FIVE WORD REVIEW: Scottish folk at its finest.

LOCATION: Dumfries and Galloway, Scotland

LINE UP: Emily Smith (Vocals, Piano and Accordion), Guests (Flute, Whistles, Mandolin, Fiddles, Drums, Guitar, Strings, Bouzouki, Backing Vocals)

Emily Smith.jpg

WHAT’S THE STORY?: After her starting her professional career in 2002, Emily Smith now releases her fifth studio album Traiveller’s Joy having become one of Scotland’s finest folk musicians and making a real name for herself over the past few years.

She also makes the return after the critical success of her last album Adoon Winding Nith, having kept the same winning formula of simple, classic folk music for this album. And it’s presence is instantly felt in opening track ‘Traiveller’s Joy’. A subtly plucked guitar, a pleasant violin and the simple yet highly effective shaking of a tambourine add as the backing track to Smith’s delightful vocals, wherein we learn the specific sound that this album is trying to achieve. The slightly more uptempo ‘Take You Home’ serves as a great bridge into third track ‘Dreams of Lullabies’ in which we find Smith at one with her piano, singing “but you have your dreams and I have my lullabies”, sounding very contempt with what she has at the moment. And we’re happy for her, because she delivers it all in her angelic voice that has seen her rise to being the folk star she is today.

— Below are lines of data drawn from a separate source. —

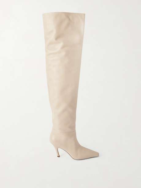 The over-the-knee profile of Amina Muaddi's 'Jamie' boots looks so chic with mini skirts and leggings. Crafted in Italy from supple leather, they have sleek pointed toes and rest on slanted heels that offer 80mm of lift.
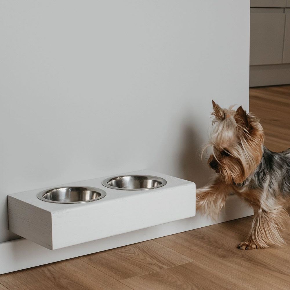 Handgjord Designer Väggmonterad Matskål Till Katter och Små Hundar i Vitmålad Ek
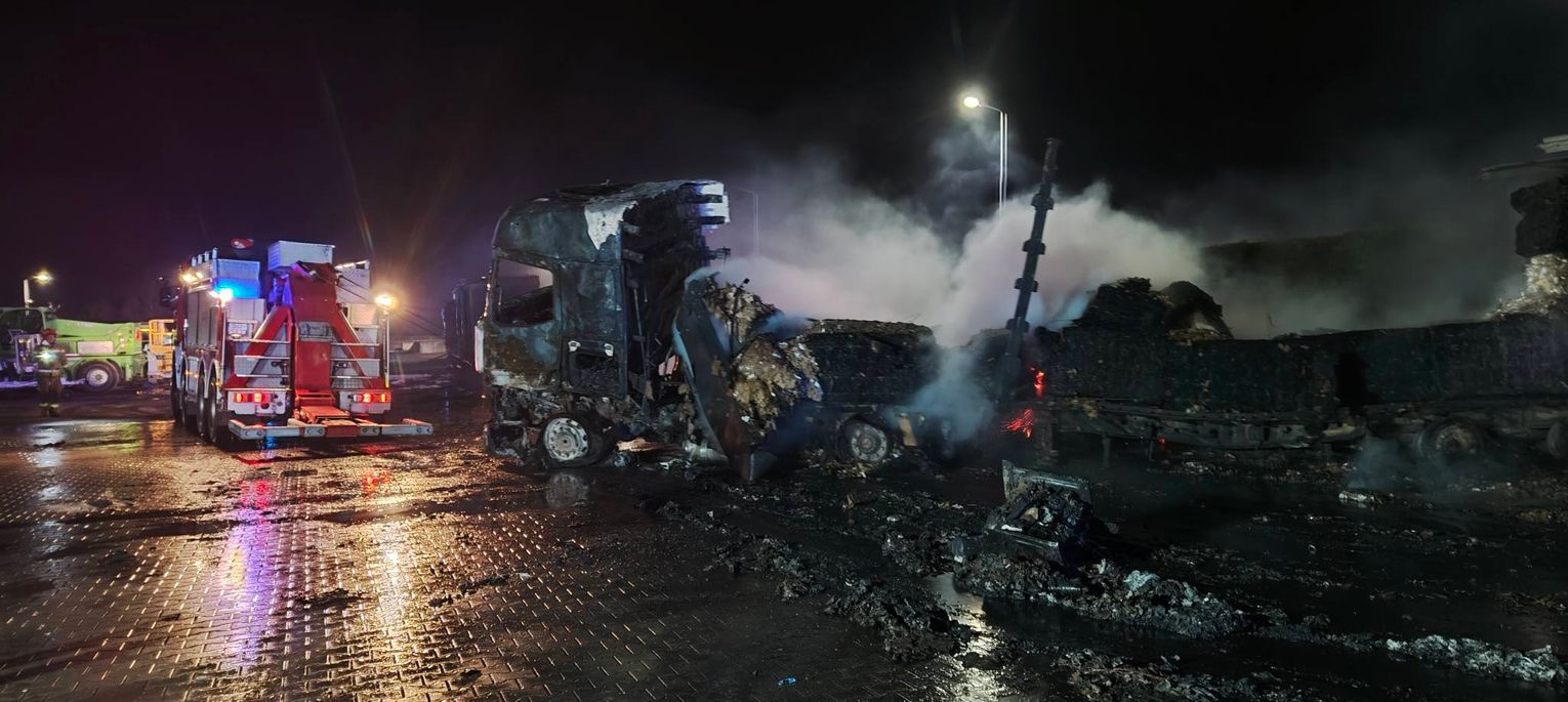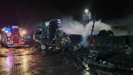 6 zestawów (ciągnik siodłowy wraz z naczepą) uległo spaleniu,
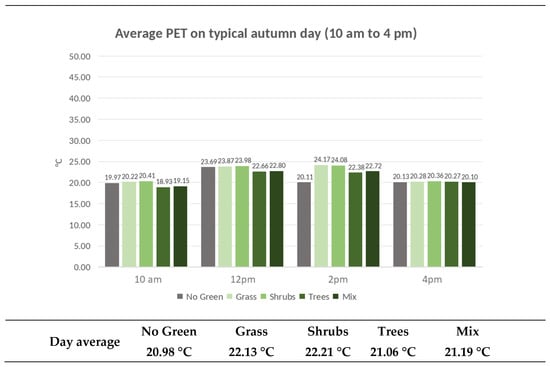 On the typical autumn day, despite the onset of senescence, the trees still have leaves that provide shade that impacts the PET values. However, at 10 a.m. and 4 p.m., the buildings’ shade is the factor that affects the PET the most, decreasing the values to 12 °C when compared to the sun-exposed areas, as can be seen in Figure 11. This results in slight cold stress for the PET under the buildings’ shade at 10 a.m. and 4 p.m. in all scenarios. However, the average PET observed is not under any thermal stress.
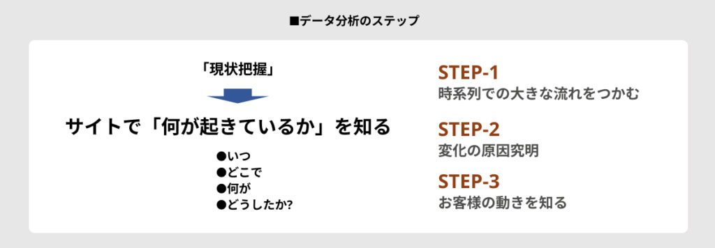 現状把握のためのデータ分析の基本は、大きな流れで変化点を見つけ、細かく見て原因を探る流れです。分析ステップとしては次の3ステップです。

‘Sweet Lover of Mine’ serves as easy listening and is a brief return to the uptempo sound we heard at the beginning of the album, before she slows things down again with ‘Still We Dance On’, made all the more emotional with the sound of a violin accompanying almost her every word in the chorus, where she sings “falling, falling, still we dance on”. Again, seemingly contempt with the simple things in life.

‘Butterflies’ again shows that Smith can easily switch between uptempo and much more mellow tracks, but serves as nothing more than that unfortunately. However, it’s songs like ‘Waltzing’s For Dreamers’ which shows Smith at her finest; just a girl and a piano doing what she does best. Brilliant. She continues with ‘Roll On Lovely Doon’, which, much like ‘Butterflies’, is a bit of a nothing track. Lyrically it’s very sound, much like the rest of the album, but the music she sings over is not what we’ve come to expect after what we’ve been treated too so far. It’s almost disappointing.

She gets back on form though with ‘Gypsy Davy’, which you can just tell is going to be great from the joyous first few seconds of guitar. She’s enjoying herself with this song and we feel like we can enjoy it with her. She has a bit of another miss with ‘Lord Donald’. It does serve as a reminder of what she can do vocally, but again the accompanying tune doesn’t draw us in or live long in the memory.

‘Somewhere Along The Road’ is the last piece of music we hear and it’s something special. Flute’s, strings and a soothing strumming of the acoustic guitar make for the perfect backdrop for Smith hoping that “Tomorrow will bring a new sunrise/Somewhere along the road, someone waits for me”. As for the final song, we are treated to Smith’s version of the aptly named ‘What A Voice’. No music. Just talent.

The album as a whole is a success, in the sense that she has made a better album than her last one but won’t alienate any of her fans with how she’s gone about it. Yes, there are a couple of songs that don’t really work, as well as a few covers dotted around here and there, but the vast majority of this album is a step in the right direction towards making her masterpiece. She’s almost there, but not quite. Not yet, anyway…

SOUNDS LIKE: A talented lady making folk music that musicians in her field will struggle to keep up with. A huge variety of instruments and strong, penetrating vocals make this the perfect recipe for a folk album, which ultimately, is what Emily Smith has given us. And we thank you.

YOU’LL LIKE THIS IF: You love anything to do with folk music. The album epitomises the idea of folk music at it’s best and is something you’ll no doubt be drawn into if you begin to sniff anywhere near it.